Erdem konuşmasını söyle sürdürdü: "Esasen Alman hükümeti siyasi bir açıklama yapabilirdi. Ancak bu tür açıklamalardan kaçınılıyor. Hatırlanacak olursa Almanya"da yaşamlarını sürdüren Madımak katillerinin Türkiye"ye iade edilmesi ve orada yargılanması konusunda birkaç yıl önce Alevi Federasyonu olarak hükümetten bir talebimiz olmuştu. O zaman Alman hükümeti de bu kişiler hakkında Türkiye"den yeterli bilgi alamadıklarını söylemişlerdi. Alman hükümeti her ne kadar hukuksal olarak bu savcıları koruma altına alsa da, Erdoğan ve Sarayın desteğiyle savcıların yüzlerce aydını, gazeteciyi, politikacıları suçsuz yere hukuku, insan haklarını çiğneyerek cezaevlerine gönderdiklerini iyi bilmeliler. Dolayısıyla bu süreç çok geniş çaplı değerlendirmeli" diye konuştu.
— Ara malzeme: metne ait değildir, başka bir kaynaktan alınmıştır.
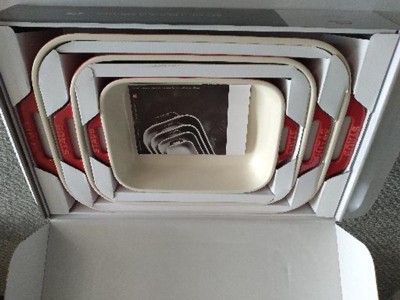 Just received this set as a gift and I am very happy with it so far! The baking dishes are deep and just what I was looking for in order to cook casseroles and lasagna. I got light blue, and it is so beautiful - I think brownies will look just lovely. It is well-made and I look forward to serving others with this set.

Sol Parti Federal Milletvekili ve partinin Meclis Grubu İç Politika Sözcüsü Ulla Jelpke, firari savcı Zekeriya Öz'ün "Almanya'ya iltica edip etmemesi" konusunda Merkel hükümetine soru önergesi verdi.
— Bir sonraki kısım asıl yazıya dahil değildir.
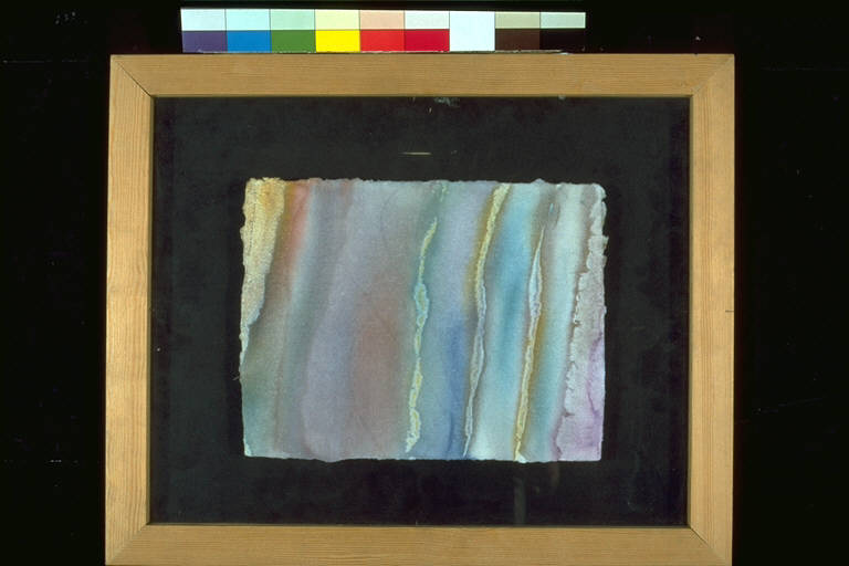 - NOTIZIE STORICO CRITICHE L'opera pervenne alla Galleria in occasione della mostra "Otto giovani artisti in galleria".\nL'artista è qui impegnata in stesure di colore che mimano una materia ora liquida, ora rarefatta, trasparente ed atmosferica. Il paesaggio è sparito , diventato sostanza di colore impalpabile ; il supporto diventa pelle della pittura e, assecondato nei suoi effetti di texture, si fa di nuovo "paesaggio".\nL'artista nasce a Bagnolo San Vito (MN) nel 1952. Diplomata presso l'Istituto d'Arte di Mantova. Negli anni Settanta si concentra sui mezzi lirico-espressivi dell'acquerello in funzione di vari supporti: veline, carte di varia granulometria e capacità assorbente. Nel 1985 partecipa alla mostra "Sulla linea del'orizzonte", alla Casa del Mantegna ; l'anno successivo è invitata al XXXVII Salone della "Jeune Peintutre" al Grand Palais di Parigi . Prevale ancora negli anni Ottanat un referente al paesaggio padano, percepibile anche nella dominante orizzontale delle carte e della figurazione, ma il racconto è sempre più simbolico e la strada astratta è , negli anni Novanta, il suo approdo. Del 1992 è la personale all'Atelier d'Arte Ducale "Papiers dorée"; l'anno seguente esegue un'installazione nel percorso dei giardini a Palazzo Ducale. In questa fase, l'opera è concepita come evento , anche effimero, allusivo a un paesaggio intimo interiore, dove trova la possibilità di coniugare la propria sensibilità con le suggestioni dell'arte antica.

Önergede "1. Firari savcının Almanya'ya iltica edip etmediği konusunda Alman hükümeti ne biliyor? 2. Türkiye resmi yolla Almanya'dan Zekeriya Öz'ün iadesini talep etti mi" şeklinde sorular yer almıştı.

Jelpke konu ile ilgili olarak, "Bundan bir süre öncesine kadar savcı Zekeriya Öz AKP karşıtlarını, hükümeti eleştiren gazetecileri, subayları, generallerinden Kürt belediye başkanlarına kadar bütün muhalif güçleri suçsuz yere hapse gönderdi. Şimdi gazetede yer alan haberlere göre kendisi yurt dışına kaçtı. Tarihin ironisi bu olsa gerek. Bugüne kadar Zekeriya Öz'ün adi politikada keyfi adaletin sembolü olarak geçiyordu" şeklinde açıklamada bulundu.
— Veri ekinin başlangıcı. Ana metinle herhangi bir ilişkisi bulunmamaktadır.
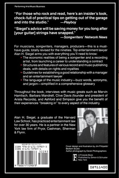 From Simon & Schuster, Breaking into the Music Business is Alan Siegel's inside advice from a top entertainment lawyer on how to find the right manager, make a demo that sells you, and more. Surveys the history of the music industry, and uses interviews to describe the experience of songwriters, recording artists, and managers, and how they got their start.
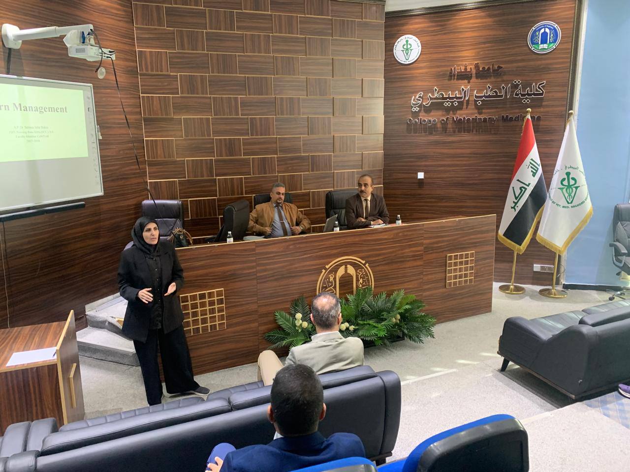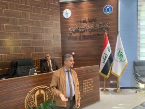 The Rehabilitation, Employment, and Follow-up Unit at the college of Nursing, University of Baghdad, organized a specialized training course entitled “First Aid for Burns and Electric Shocks.” The course was taught by Assistant Professor Dr. Wafa Abdul Ali, Assistant Professor Dr. Sirwan Baqir Jafar, and Lecturer Dr. Basem Muhammad Jawad. It was held in the “Baghdad” hall at the College of Veterinary Medicine at the University of Baghdad, attended by a diverse group of students, faculty, graduates, and professionals working in the field of veterinary medicine

Zekeriya Öz'ün Türkiye'ye iadesinin Erdoğan rejimine karşı yanlış bir sinyal olabileceğini ifade eden Jelpke, "Zekeriya Öz aslında Türkiye'de politik/muhalif bir suçlu değil, AKP'li yöneticilerin, bakanların 17 Aralık soruşturmasını yürütmüşlerdi. Türkiye'de adalet tamamıyla siyasi mercilere bağlıdır. Zekeriya Öz de bu politikanın sadece bir parçasıdır. Zekeriya Öz Türkiye'ye iade edilmemeli çünkü Türkiye'de adalet sistemi tamamıyla politikaya bağlı olup/iktidarlar karar vermektedir. Ancak Zekeriya Öz tarafından ya karartılmış belgelerle ya da haksiz yere cezaevlerine gönderilip de Almanya'da bulunan mağdurlar Alman adalet sistemine göre bu kez onlar Öz hakkında dava açabilirler" seklinde açıklamada bulunmuştu.